Material provided.
--------------------------------------------------

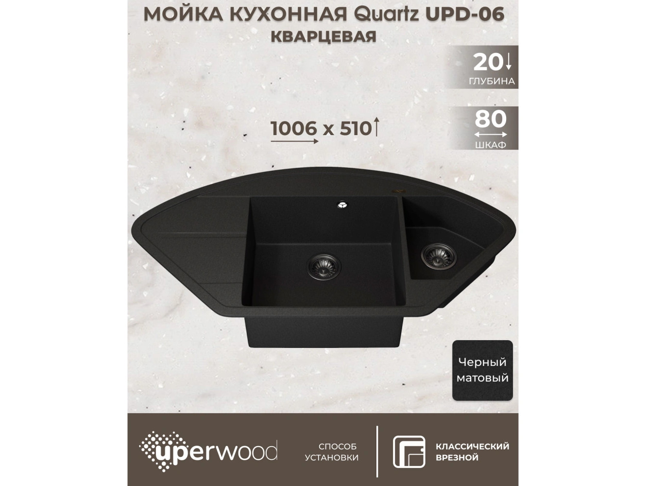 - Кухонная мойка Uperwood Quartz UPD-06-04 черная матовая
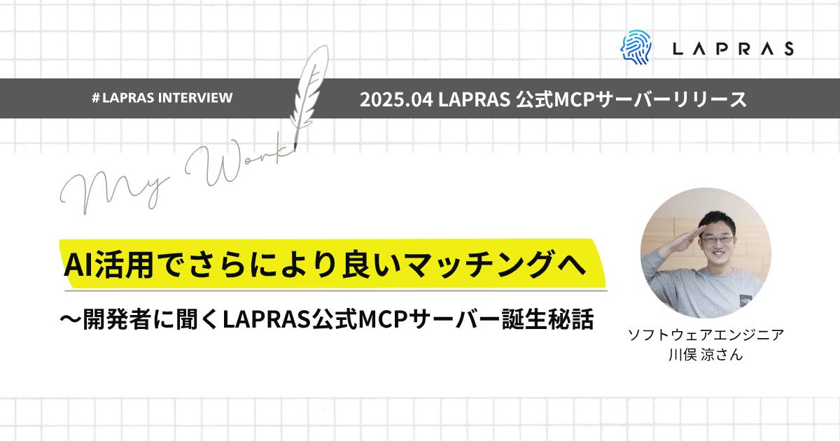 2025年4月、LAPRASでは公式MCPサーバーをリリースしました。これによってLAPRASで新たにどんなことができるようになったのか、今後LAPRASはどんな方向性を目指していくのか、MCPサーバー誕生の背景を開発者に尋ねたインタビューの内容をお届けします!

--------------------------------------------------

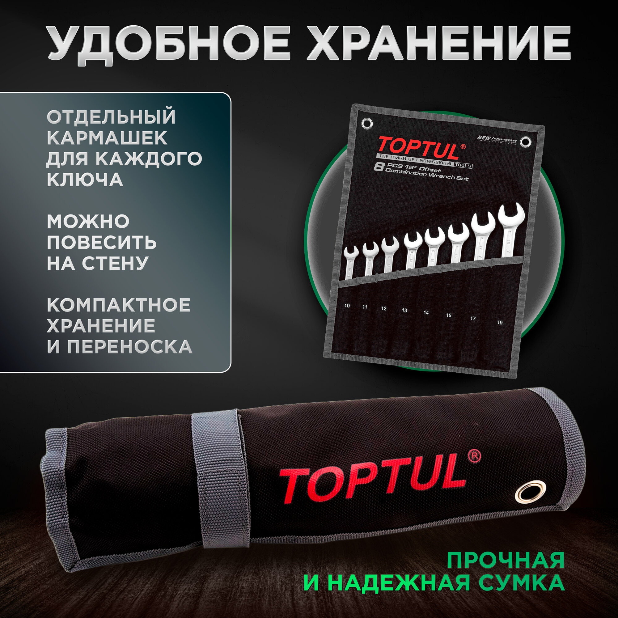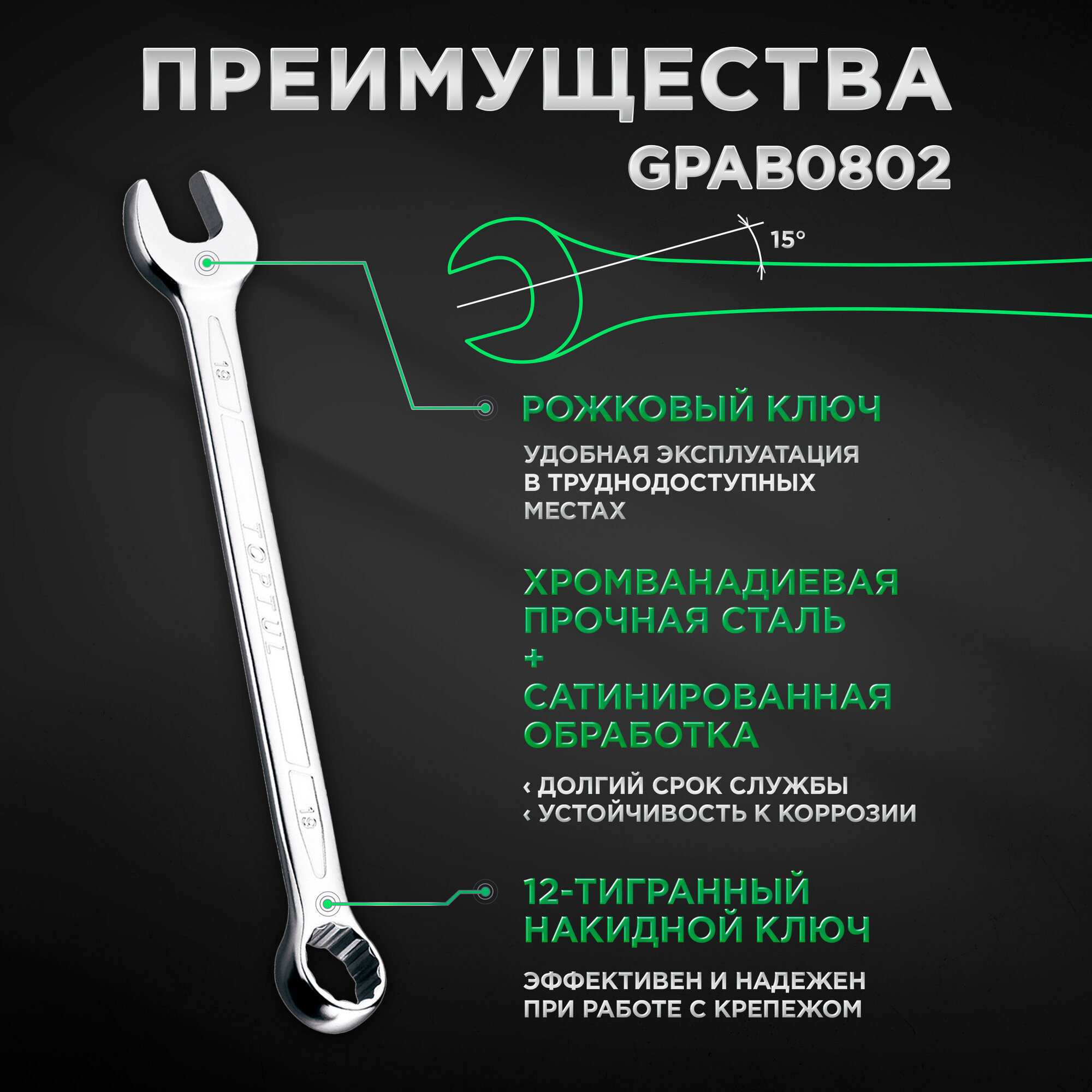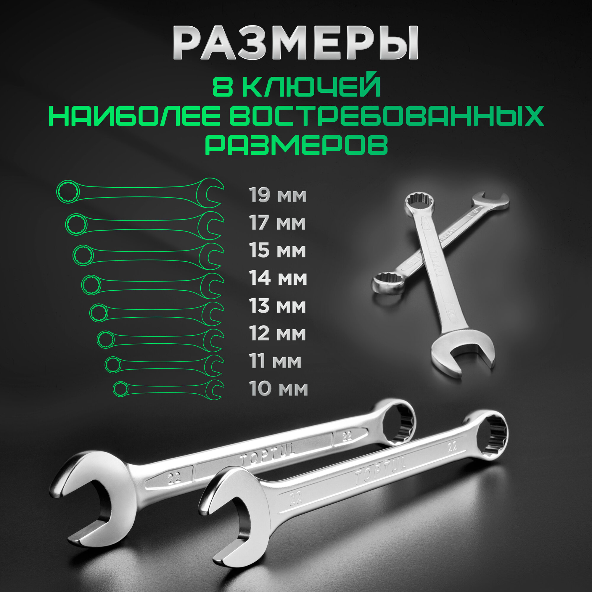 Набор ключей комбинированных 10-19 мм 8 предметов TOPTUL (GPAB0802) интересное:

--------------------------------------------------

What needs to be done. Nothing but the lines above, starting at the line that contains "- Кухонная мойка" and ending at the line that contains "2025年4月、LAPRAS", should be given again, exactly and without the pictures.

Your response.
 - Кухонная мойка Uperwood Quartz UPD-06-04 черная матовая
 2025年4月、LAPRASでは公式MCPサーバーをリリースしました。これによってLAPRASで新たにどんなことができるようになったのか、今後LAPRASはどんな方向性を目指していくのか、MCPサーバー誕生の背景を開発者に尋ねたインタビューの内容をお届けします!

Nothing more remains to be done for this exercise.